In queste ore Ilaria e l’avvocato di famiglia, Fabio Anselmo, hanno ripetuto che la compagnia assicuratrice aveva offerto un risarcimento più alto al quale i Cucchi avevano però opposto un netto rifiuto: «Nella trattativa con il nostro legale», spiega Ilaria, «l’assicurazione aveva proposto un importo maggiore, a patto che avesse la funzione di pietra tombale sull’intera vicenda: avrebbe dovuto coprire, cioè, con la responsabilità dei medici, anche quelle degli agenti di polizia penitenziaria che noi riteniamo essere gli autori delle principali cause della morte di Stefano. Alla fine abbiamo pattuito il risarcimento del danno per la morte di Stefano, ma non per la sua sofferenza causata da un altro danno, quello delle lesioni che ce l’anno portato via».
Ora la famiglia Cucchi annuncia: «Continueremo a chiedere verità e giustizia per Stefano ». «Una verità a 360 gradi», precisa Anselmo, «così come il procuratore generale invita la Corte d’appello a fare quando raccomanda di esercitare un’esplorazione ampia “su tutti i fatti” relativi alla morte di Stefano e, soprattutto, “su tutte le configurazioni giuridiche più appropriate” ». In definitiva, il procuratore generale ha sollecitato la Corte a esaminare il tema processuale che da sempre sta più a cuore alla famiglia Cucchi e al suo legale: Stefano non sarebbe morto senza il pestaggio nei seminterrati del palazzo di giustizia dove stava aspettando l’udienza per la conferma della custodia cautelare. «Sono state quelle percosse», argomenta Anselmo, «ad aver causato prima il ricovero e poi la sua morte ». Ma Ilaria aggiunge: «Restano poi ancora da chiarire il ruolo e le responsabilità dei carabinieri ».
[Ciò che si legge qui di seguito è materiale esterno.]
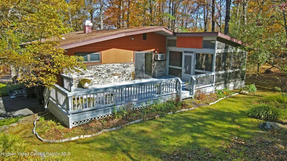 This lovely 3 bedroom, 2 bath home is set on 1.17 very private, wooded country acres. The setting is at once quietly tranquil and peaceful including a seasonal stream and pond and yet is very convenient to Woodstock Village insuring easy access to all of Woodstock's local amenities shops, galleries, music venues and restaurants. This beautiful home boasts a spacious open living area with lots of natural light streaming in through an expansive wall of windows. Spacious front and rear (with seasonal view of Overlook) decks and the large screened porch offer views of the surrounding woods and are ideal for relaxed enjoyment of the outdoors and for entertaining, too. The large finished walkout basement offers 500 square feet of versatile space that allows for many options such as a home office, an additional area for entertaining, additional bedrooms or an income producing rental unit. ...

L’accordo tra la compagnia assicuratrice e i familiari di Stefano non impedirà a questi ultimi di costituirsi come parte civile nel processo d’appello che prenderà il via nei primi mesi dell’anno prossimo. I Cucchi contestano l’assoluzione dei tre agenti di custodia che, accusati dai pm di avere «pestato» Stefano nelle celle del palazzo di giustizia, sono stati poi assolti. La stessa procura, nei giorni scorsi, ha proposto appello per tutti gli imputati, contestando sia la condanna dei medici, valutata lieve, sia l’assoluzione per infermieri e agenti di custodia.